LOCEN Resources Machine Learning

The key textbook on AI

Russell, Stuart J. and Norvig, Peter (2016).  Artificial Intelligence: A Modern Approach, Third edition ("Global edition" for Europe). Harlow, UK: Pearson.

Our comments:

  • It is consider the bible of AI 
  • It gives some founding concepts of cognitive science (e.g, see its very good chapter 2), AI (logical/symbolic planning), and some hints to machine learning
  • It gives a good coverage of all AI topics, so it is good to have a broad overview of its different fields (but it does not cover at all the new deep-nets literature, for which you need other books, e.g. see below)
  • It is relatively easy to understand

BookS on machine learning


A very good review related to the following book gives a good overview of the most used books in the field:

- Kevin Murphy's Machine learning: a Probabilistic Perspective (MLAPP)

Here are the indications of the review.

Similar textbooks on statistical/probabilistic machine learning (links to book websites, not Amazon pages):

- Barber's Bayesian Reasoning and Machine Learning ("BRML", Cambridge University Press 2012) (pdf available)

- Koller and Friedman's Probabilistic Graphical Models ("PGM", MIT Press 2009)

- Bishop's Pattern Recognition and Machine Learning ("PRML", Springer 2006) (pdf available)

- MacKay's Information Theory, Inference and Learning Algorithms ("ITILA", CUP 2003) (pdf available)

- Hastie, Tibshirani and Friedman's Elements of Statistical Learning ("ESL", Springer 2009) (pdf available)

* Perspective: My perspective is that of a machine learning researcher and student, who has used these books for reference and study, but not as classroom textbooks.

* Audience/prerequisites: they are comparable among all the textbooks mentioned. BRML has lower expected commitment and specialization, PGM requires more scrupulous reading. The books differ in their topics and disciplinary approach, some more statistical (ESL), some more Bayesian (PRML, ITILA), some focused on graphical models (PGM, BRML). K Murphy compares MLAPP to others here. For detailed coverage comparison, read the table of contents on the book websites.
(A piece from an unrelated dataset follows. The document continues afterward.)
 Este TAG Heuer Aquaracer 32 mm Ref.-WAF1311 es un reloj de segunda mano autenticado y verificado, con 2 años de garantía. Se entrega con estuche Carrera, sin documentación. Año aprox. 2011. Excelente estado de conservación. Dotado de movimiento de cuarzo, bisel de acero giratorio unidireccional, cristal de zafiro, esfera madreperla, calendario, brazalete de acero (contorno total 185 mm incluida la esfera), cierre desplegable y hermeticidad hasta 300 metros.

* Main strength: MLAPP stands out for covering more advanced and current research topics: there is a full chapter on Latent Dirichlet Allocation, learning to rank, L1 regularization, deep networks; in the basics, the decision theory part is quite thorough (e.g. will mention Jeffrey's/uninformative priors). The book is "open" and vivid, doesn't shy away from current research and advanced concepts. This seems to be purposeful, as it shows in many aspects:

- quotes liberally from web sources, something usually not done in academic publications

- borrows "the best" from other authors (always with permission and acknowledgment, of course): most importantly the best pictures and diagrams, but also tables, recaps, insightful diagrams. Whereas other books will produce their own pictures and diagrams themselves (eg, PRML has a distinctive clarity and style in its illustrations), MLAPP takes many of its colour illustrations from other people's publications; therefore it can select the most pithy and relevant pictures to make a point. You could think that reproductions may be illegible and require extra effort to interpret because they come from a variety of sources; I have found that the bonus coming from having precisely the right image prevails.
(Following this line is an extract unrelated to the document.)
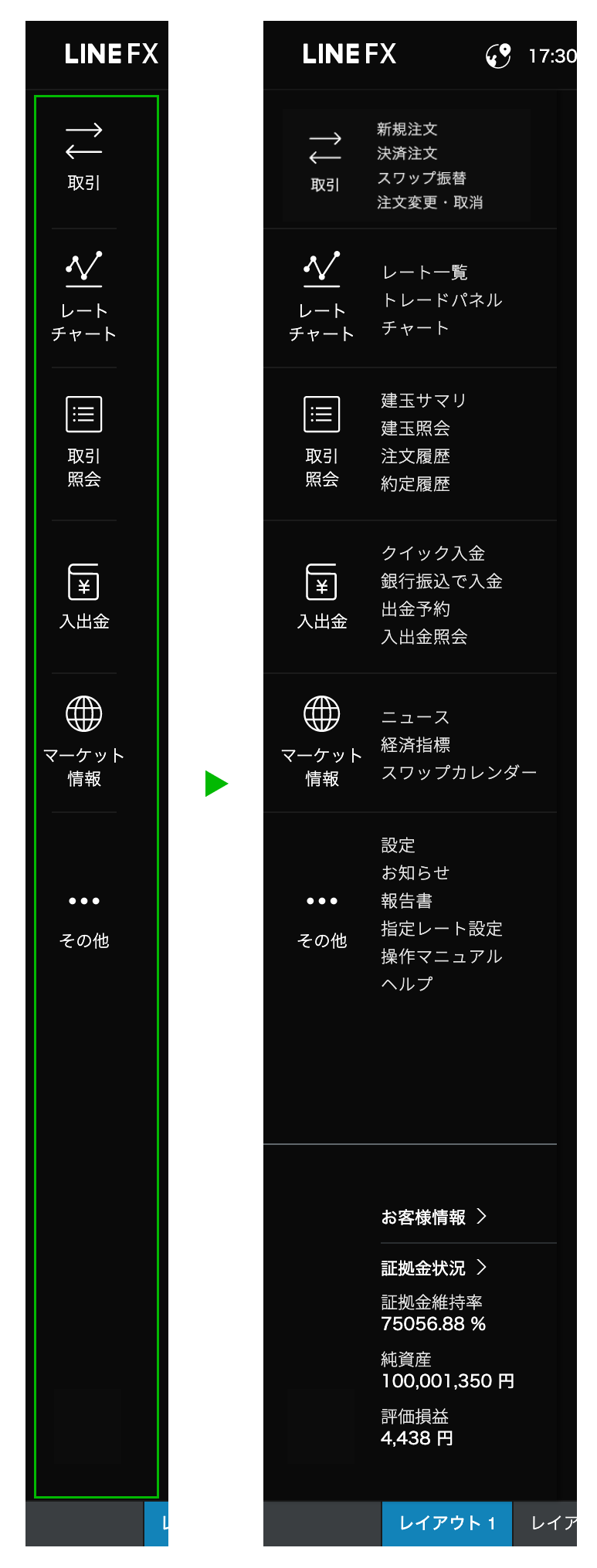 画面の配色、一覧系画面での表示項目、注文時の初期設定など、LINE FX Proを利用する上での各種設定を行うことができます。

- frequent references to the literature, mentions of extensions and open questions, as well as computational complexity considerations: for instance, the section on HMMs will mention duration modeling and variable-duration Markov models, and a comparison of the expressive power of hierarchical HMMs versus stochastic context-free grammars, complete with relevant citations, and a brief mention of the computational complexity results from the publications. All this connects the material with research and new ideas in a fine way -- which other textbooks don't achieve, I find. For instance, PGM defers references to a literature section at the end of each chapter, resulting in a more self-contained, but more poorly "linked" text.
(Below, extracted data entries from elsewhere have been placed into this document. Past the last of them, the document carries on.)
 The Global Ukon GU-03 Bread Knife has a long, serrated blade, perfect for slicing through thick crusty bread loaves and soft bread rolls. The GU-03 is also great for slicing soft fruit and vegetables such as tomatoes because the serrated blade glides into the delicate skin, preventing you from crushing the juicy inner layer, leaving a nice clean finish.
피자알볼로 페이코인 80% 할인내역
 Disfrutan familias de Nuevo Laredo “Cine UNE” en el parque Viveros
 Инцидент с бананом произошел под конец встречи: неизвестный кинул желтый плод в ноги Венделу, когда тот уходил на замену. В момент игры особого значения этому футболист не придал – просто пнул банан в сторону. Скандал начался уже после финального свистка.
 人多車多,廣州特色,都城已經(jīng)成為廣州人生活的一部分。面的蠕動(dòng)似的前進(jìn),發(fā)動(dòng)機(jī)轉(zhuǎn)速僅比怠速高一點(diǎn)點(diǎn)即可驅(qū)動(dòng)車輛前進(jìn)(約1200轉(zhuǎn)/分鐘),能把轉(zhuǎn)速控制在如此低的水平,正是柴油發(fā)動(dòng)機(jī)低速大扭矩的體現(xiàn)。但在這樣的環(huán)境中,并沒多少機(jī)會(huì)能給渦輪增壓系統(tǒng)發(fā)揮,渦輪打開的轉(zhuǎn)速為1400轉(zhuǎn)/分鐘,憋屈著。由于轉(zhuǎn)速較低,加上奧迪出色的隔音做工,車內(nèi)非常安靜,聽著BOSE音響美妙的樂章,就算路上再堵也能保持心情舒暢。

* Didactic aids: Another distinctive feature is that the author clearly has tried to include didactic aids gathered over the years, such as recaps, comparative tables, diagrams, much in the spirit of the "generative model of generative models" (Roweis and Ghahramani): e.g. table comparing all models discussed, pros and cons of generative vs. discriminative models, recap of operations on HMMs (smoothing, filtering etc), list of parameter estimation methods for CRFs.

* Editorial features: Other editorial features worth mentioning are

- compared to others, helpful mentions of terminology, e.g. jargon, nomenclature, concept names, in bold throughout the text ("you could also devise a variant thus; this is called so-and-so")

- mathematical notation relatively clear and consistent, occasional obscurities. PGM stands out as excruciatingly precise on this aspect.

- boxes/layout: no "skill boxes" or "case study boxes" (PGM), not many roadmap/difficulty indications like ITILA or PGM, examples are present but woven into the text (not separated like PGM or BRML). Layout rather plain and homogeneous, much like PRML.

- sadly lacks list of figures and tables, but has index of code

* Complete accompanying material:

- interesting exercises (yet fewer than PRML, BRML, PGM); solutions, however, are only accessible to instructors (same with BRML, PGM), which in my experience makes them only half as useful for the self-learner. PRML and ITILA have some solutions online resp. in the book.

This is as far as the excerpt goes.